DIRECTIONS -> From the line containing "HP incorporates increasing" through the end of the material below, output each line exactly as written, with pictures excluded.
━━━━━ MATERIAL FOR THIS EXERCISE
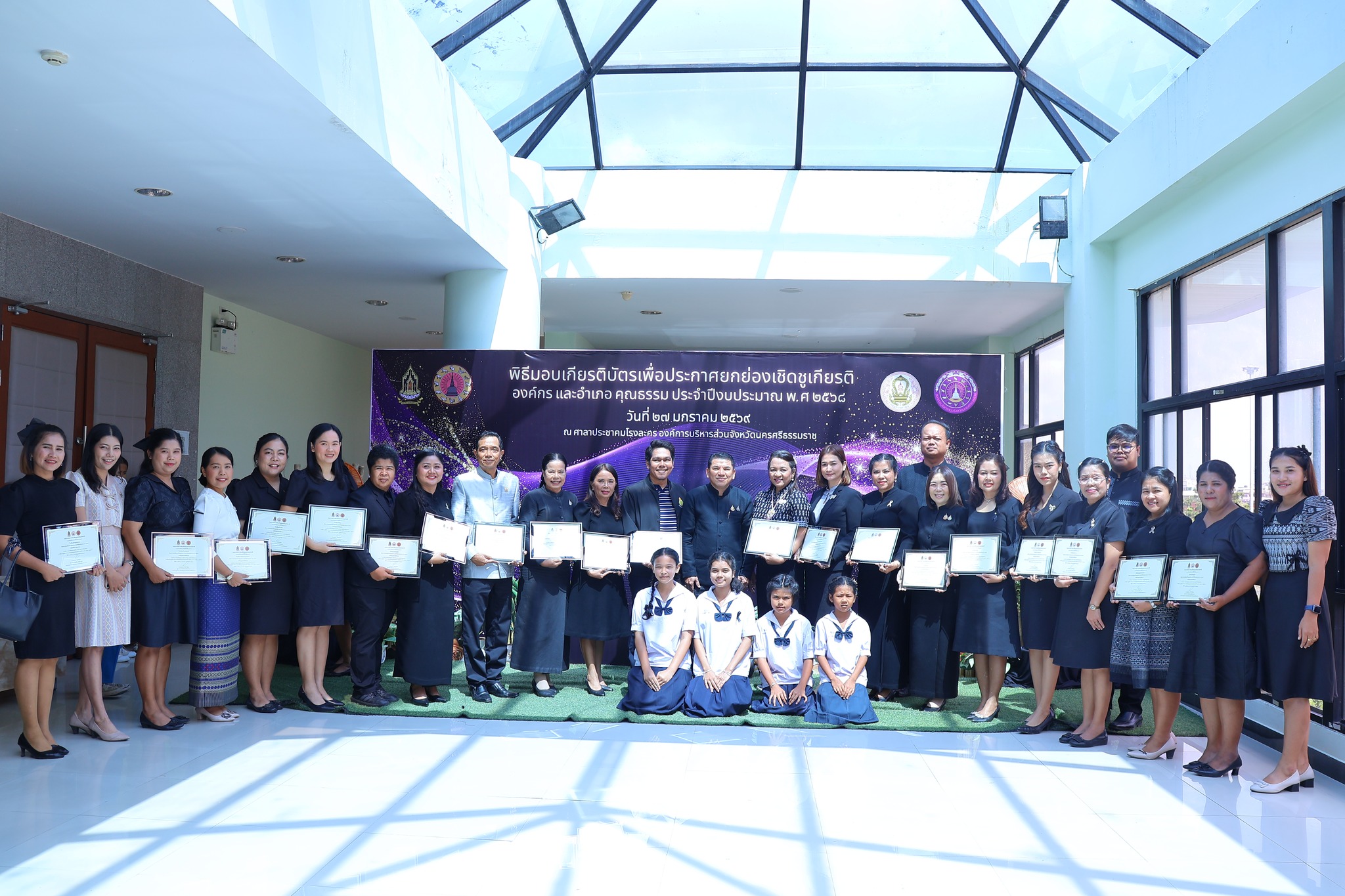 วันอังคารที่ 27 มกราคม พ.ศ. 2569 นายอำนาจ สุทิน ผู้อำนวยการสำนักงานเขตพื้นที่การศึกษาประถมศึกษานครศรีธรรมราช เขต 1 ร่วมพิธีมอบเกียรติบัตรเพื่อประกาศยกย่องเชิดชูเกียรติองค์กรและอำเภอคุณธรรม และพิธีมอบโล่เชิดชูเกียรติ “วัฒนคุณาธร” ประจำปีงบประมาณ พ.ศ. 2568 ณ ศาลาประชาคมโรงละคร องค์การบริหารส่วนจังหวัดนครศรีธรรมราช (ชั้น 3) โดยมีนายวิทยา เขียวรอด รองผู้ว่าราชการจังหวัดนครศรีธรรมราช เป็นประธานในพิธี
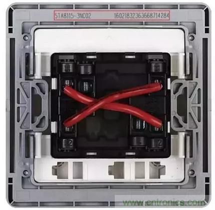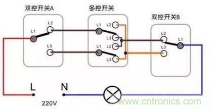 這里要新介紹一個開關,叫做三控開關。開關布置的順序是,單開雙控→三控開關→單開雙控。先看個三控開關的圖,能更好理解,如下:
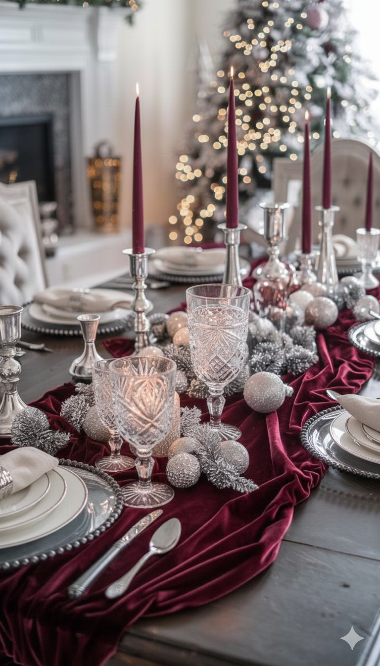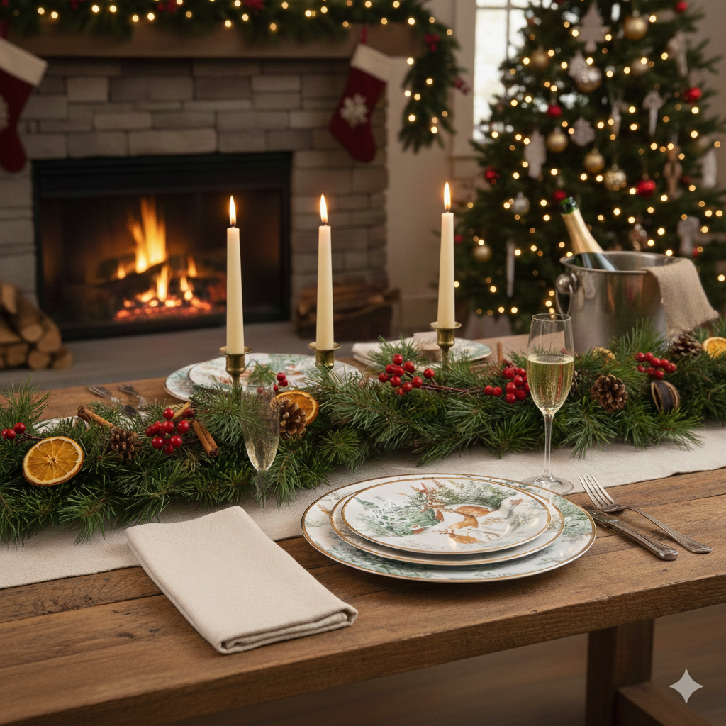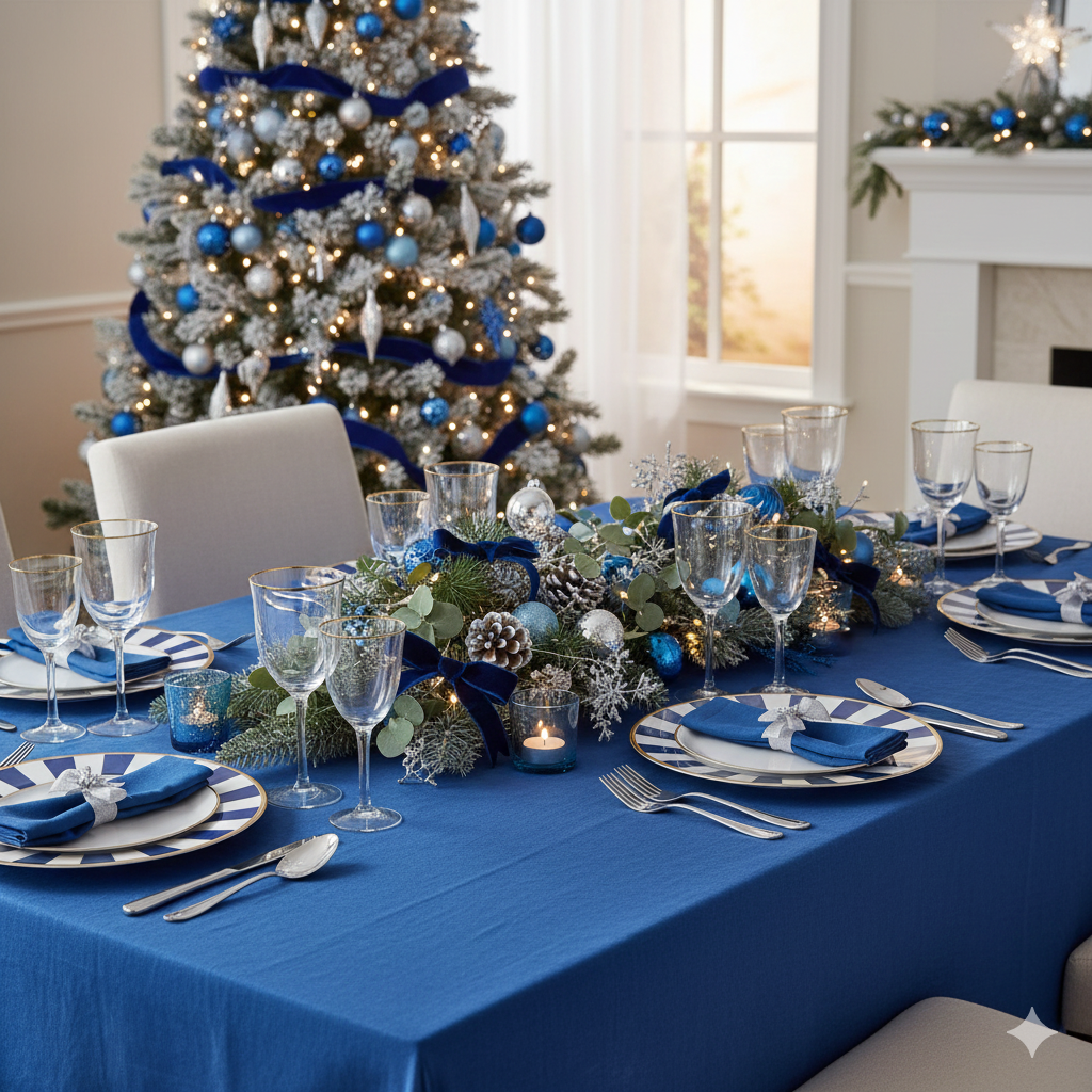 Una propuesta invernal y luminosa basada en azules, blancos y plateados. Es ideal para quienes buscan una Navidad fresca, con guirnaldas nevadas, cristalería transparente y ornamentos metálicos fríos. Funciona muy bien con vajillas Blue Stripe, Blue Willow o Chinese Blue, manteniendo la armonía monocromática que caracteriza la tendencia.
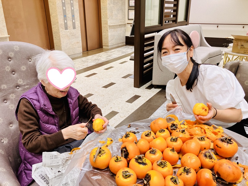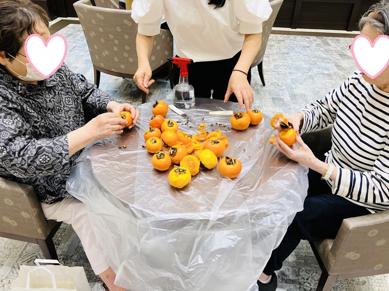 みんなで干し柿作りをしました。
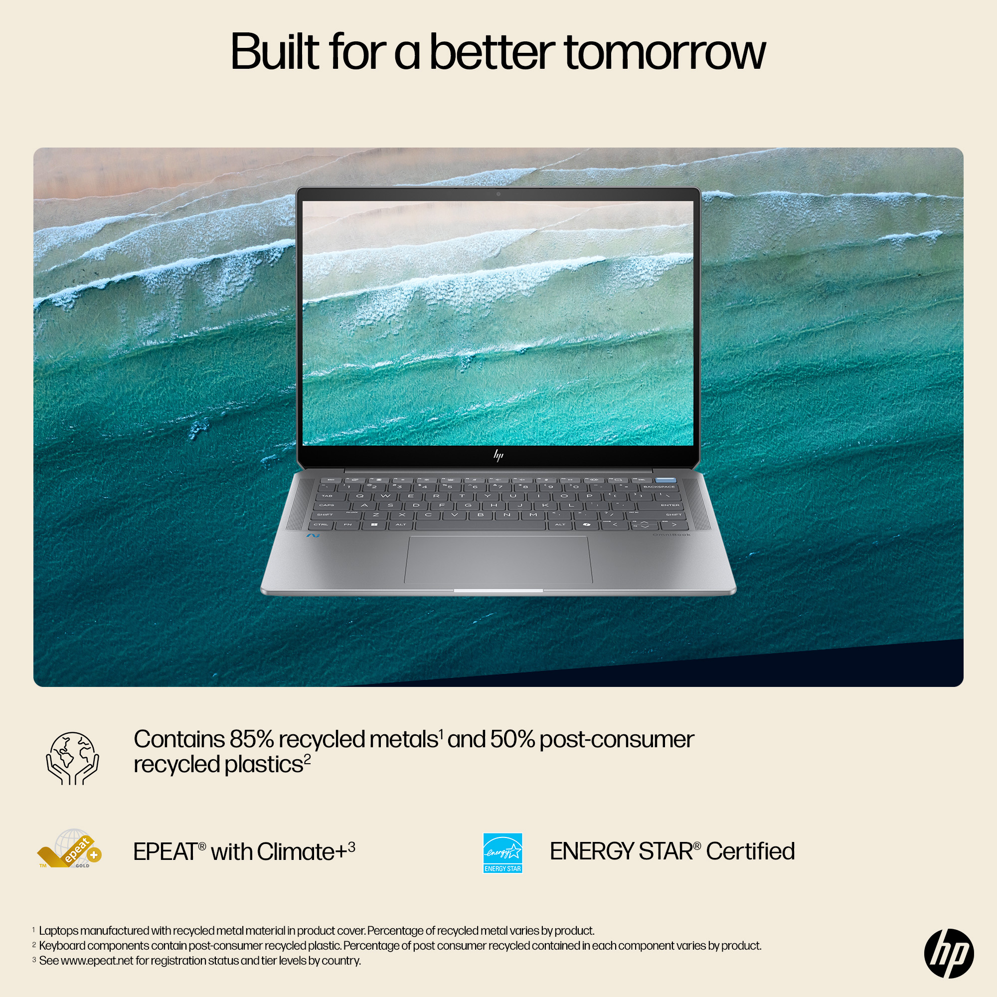 HP incorporates increasing amounts of recycled, renewable, and non-virgin raw materials. Because little things make a big difference, this product includes a percentage of recycled metals in the design.<sup>[14]</sup>
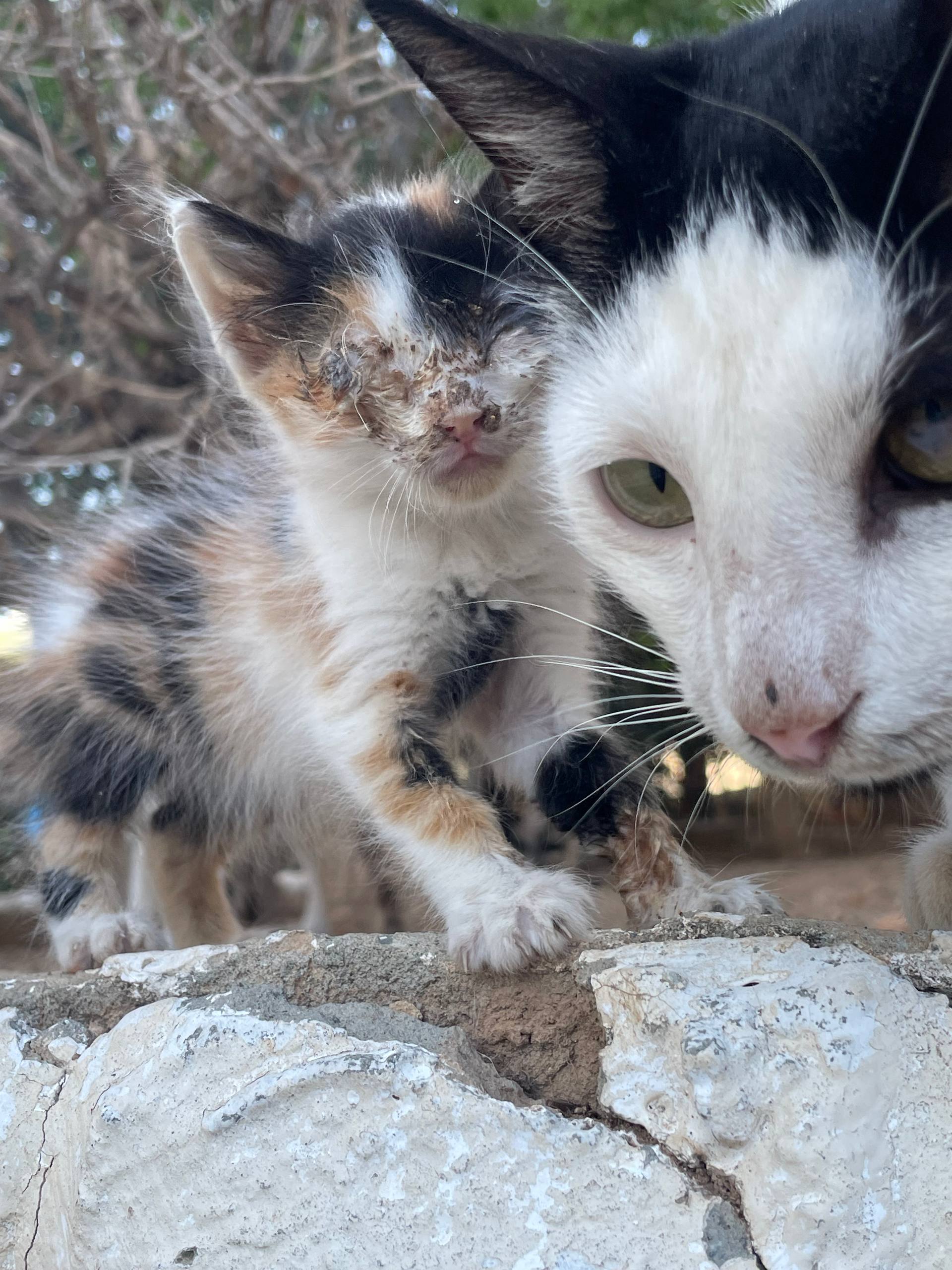 Добрый день. Три уличных котенка у которых вот такая история с глазами. Подошел сейчас сосед и рассказал. Видимо было 4штуки, но одного нашли в бассейне. Кошка мать есть.
━━━━━━━━━━
PROBLEM SOLUTION ->
 HP incorporates increasing amounts of recycled, renewable, and non-virgin raw materials. Because little things make a big difference, this product includes a percentage of recycled metals in the design.<sup>[14]</sup>
 Добрый день. Три уличных котенка у которых вот такая история с глазами. Подошел сейчас сосед и рассказал. Видимо было 4штуки, но одного нашли в бассейне. Кошка мать есть.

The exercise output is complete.